> **WORK INSTRUCTION**: Skip the pictures. Transcribe the rest of the data below without changing a word.

> **RECORDED DATA**:
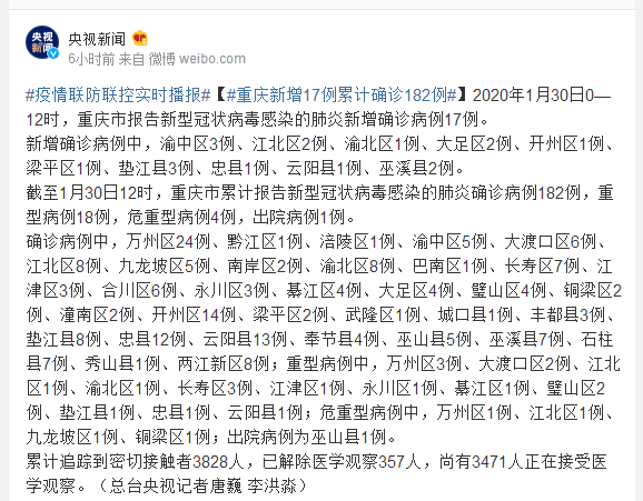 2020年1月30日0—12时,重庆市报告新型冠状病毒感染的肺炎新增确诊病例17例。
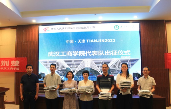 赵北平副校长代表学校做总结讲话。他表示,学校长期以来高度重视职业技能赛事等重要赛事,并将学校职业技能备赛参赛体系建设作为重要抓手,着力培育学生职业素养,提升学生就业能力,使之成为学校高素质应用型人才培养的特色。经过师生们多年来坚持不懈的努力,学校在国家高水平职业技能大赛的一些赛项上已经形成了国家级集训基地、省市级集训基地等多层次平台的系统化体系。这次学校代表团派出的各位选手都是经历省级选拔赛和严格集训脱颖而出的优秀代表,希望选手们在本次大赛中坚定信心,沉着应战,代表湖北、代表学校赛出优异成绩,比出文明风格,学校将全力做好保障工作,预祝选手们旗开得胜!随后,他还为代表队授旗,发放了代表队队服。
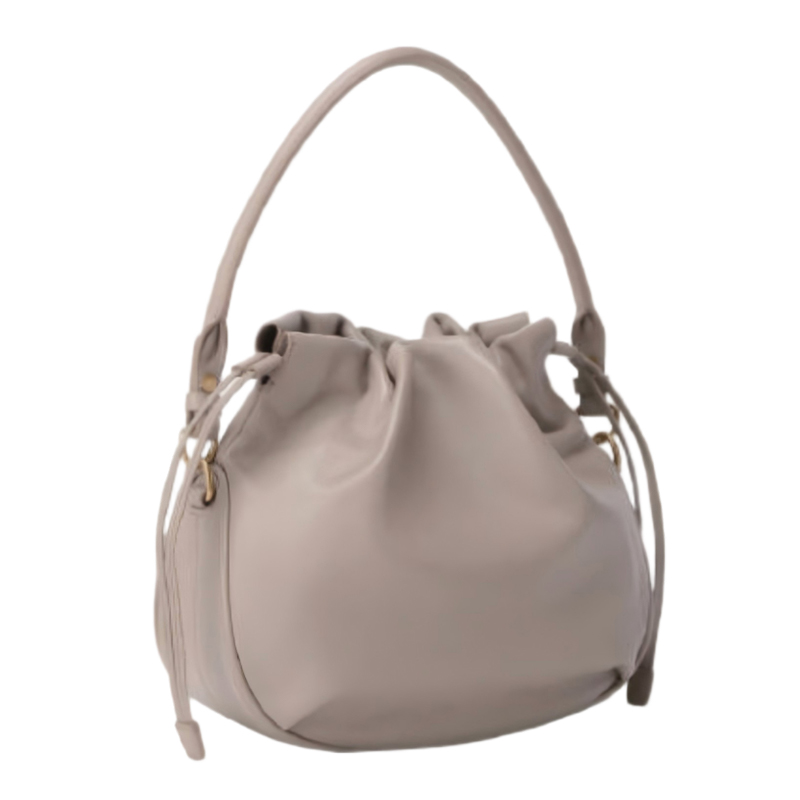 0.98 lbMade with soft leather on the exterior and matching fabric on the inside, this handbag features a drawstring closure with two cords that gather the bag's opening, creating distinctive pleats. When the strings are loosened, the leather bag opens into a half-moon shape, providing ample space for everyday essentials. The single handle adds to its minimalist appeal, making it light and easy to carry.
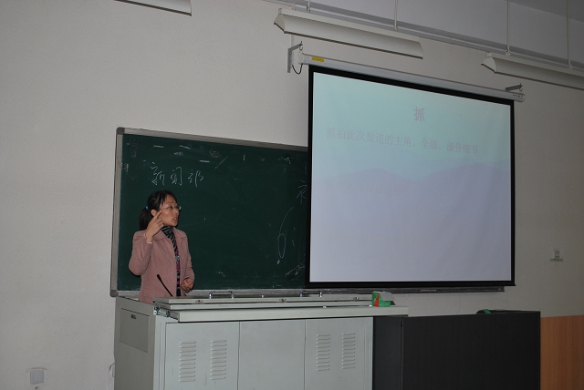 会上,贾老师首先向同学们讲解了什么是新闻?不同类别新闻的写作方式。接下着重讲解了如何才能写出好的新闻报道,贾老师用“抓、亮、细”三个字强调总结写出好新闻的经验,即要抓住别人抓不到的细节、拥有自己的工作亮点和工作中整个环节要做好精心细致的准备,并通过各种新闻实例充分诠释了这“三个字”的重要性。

> **ANSWER TO THE PROBLEM**:
 2020年1月30日0—12时,重庆市报告新型冠状病毒感染的肺炎新增确诊病例17例。
 赵北平副校长代表学校做总结讲话。他表示,学校长期以来高度重视职业技能赛事等重要赛事,并将学校职业技能备赛参赛体系建设作为重要抓手,着力培育学生职业素养,提升学生就业能力,使之成为学校高素质应用型人才培养的特色。经过师生们多年来坚持不懈的努力,学校在国家高水平职业技能大赛的一些赛项上已经形成了国家级集训基地、省市级集训基地等多层次平台的系统化体系。这次学校代表团派出的各位选手都是经历省级选拔赛和严格集训脱颖而出的优秀代表,希望选手们在本次大赛中坚定信心,沉着应战,代表湖北、代表学校赛出优异成绩,比出文明风格,学校将全力做好保障工作,预祝选手们旗开得胜!随后,他还为代表队授旗,发放了代表队队服。
 0.98 lbMade with soft leather on the exterior and matching fabric on the inside, this handbag features a drawstring closure with two cords that gather the bag's opening, creating distinctive pleats. When the strings are loosened, the leather bag opens into a half-moon shape, providing ample space for everyday essentials. The single handle adds to its minimalist appeal, making it light and easy to carry.
 会上,贾老师首先向同学们讲解了什么是新闻?不同类别新闻的写作方式。接下着重讲解了如何才能写出好的新闻报道,贾老师用“抓、亮、细”三个字强调总结写出好新闻的经验,即要抓住别人抓不到的细节、拥有自己的工作亮点和工作中整个环节要做好精心细致的准备,并通过各种新闻实例充分诠释了这“三个字”的重要性。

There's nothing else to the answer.